The Jews had had no authentic spiritual life since the time of the Prophets but they still presented the spectacle of a people living apart in exile, attached to their ancestry. Through the ages, they survived as a minority, subject to hatred and persecution, while other nations, with viable political life, vanished. The Enlightenment constituted a break, removing the taboo against the Jews—forever. Modern antisemitism was a byproduct of nationalist struggles, an opportunistic endeavor to use atavistic relics to reinforce exclusion, historically hopeless and meaningless. The Jews were part of European culture, and antisemitism had no object, purpose or prospect.

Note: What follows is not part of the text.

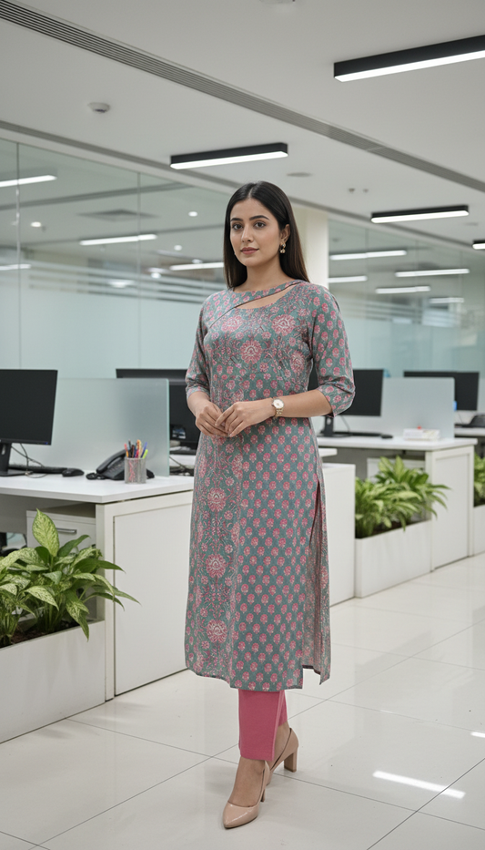 Floral Pure Cotton Panel Kurti with Cutout Neck Details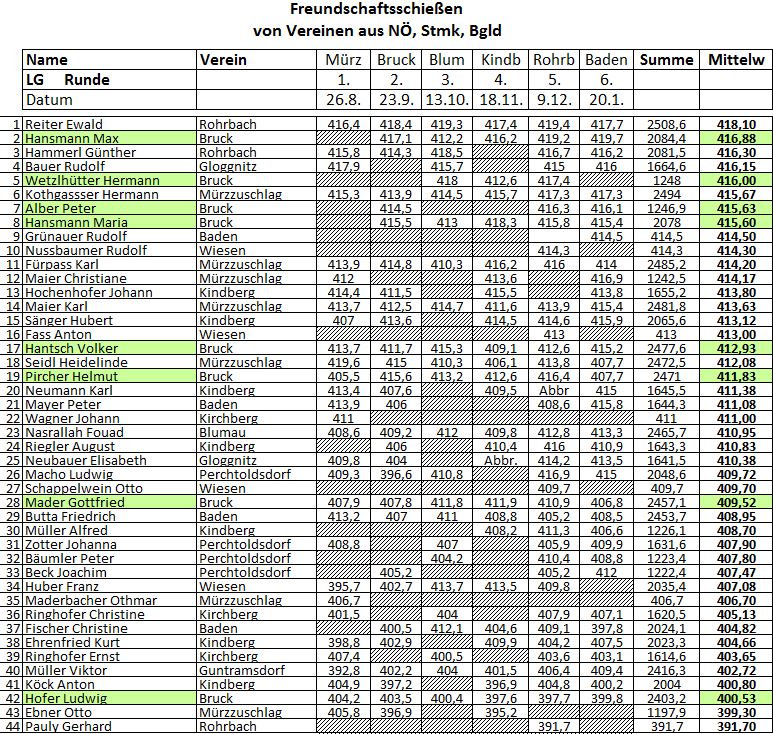 Allgemein Freundschaftsschießen Senioren (6) 9 Jahren ago Manuela Nach 6 von 11 Runden die Ergebnisse der SenIII beim Freundschaftsschießen: Continue Reading Previous 3. Runde ObersteiermarkcupNext 1. Qualifikation Landeskader st.-aufg. Schreibe einen Kommentar Antworten abbrechenDu musst angemeldet sein, um einen Kommentar abzugeben.

It was “a side issue.” In time, it would disappear [106]. The Jews may meanwhile suffer but they should be thankful for the role of martyrs for humanity—a role they did not deserve—that fell in their lot.
This extraordinary statement, made at a time when, unbeknownst to Auerbach, Soviet Jews were already being shot in the tens of thousands, and Hitler was completing the plans for destroying all of European Jewry, provides precious insight into Auerbach’s worldview. It reflects crude Christian supersessionism, incredible optimism about Jewish emancipation, a profound misreading of antisemitism, and an avowal of the Christian martyr role for the Jews. Auerbach’s ignorance of Jewish typology was grounded in the conviction that postbiblical Jewish life was not part of European history. The Jews became part of Europe only when the Enlightenment made their integration possible—and no longer as Jews: “Anything significant that came out of the Jews was absorbed by the host nations” [107]. Jewish history—if such existed—was not part of European history.
Jewish ethnic survival was for Auerbach a source of puzzlement—of wonder (and perhaps hidden pride) mixed with apprehension about their “uncanny” existence. Like philosopher Karl Popper, Auerbach had no doubt that it was high time for Jewish life to end—for the Jews to become part of Christian Europe. Popper imagined the culture integrating the Jews as avowedly secular, its relationship to Christianity tenuous; for Auerbach, it clearly bore the marks of secularized Christianity. The National Socialist attack on the Jews was only significant for its denial of humanity, and the Jews acquired their universal role as Christian martyrs. Christian martyrology became paradigmatic of the Jewish experience, and Auerbach, captivated, devoted to it increasing attention during and after WWII. The murdered Jews were integrated into European civilization—as (undeserving) Christian martyrs.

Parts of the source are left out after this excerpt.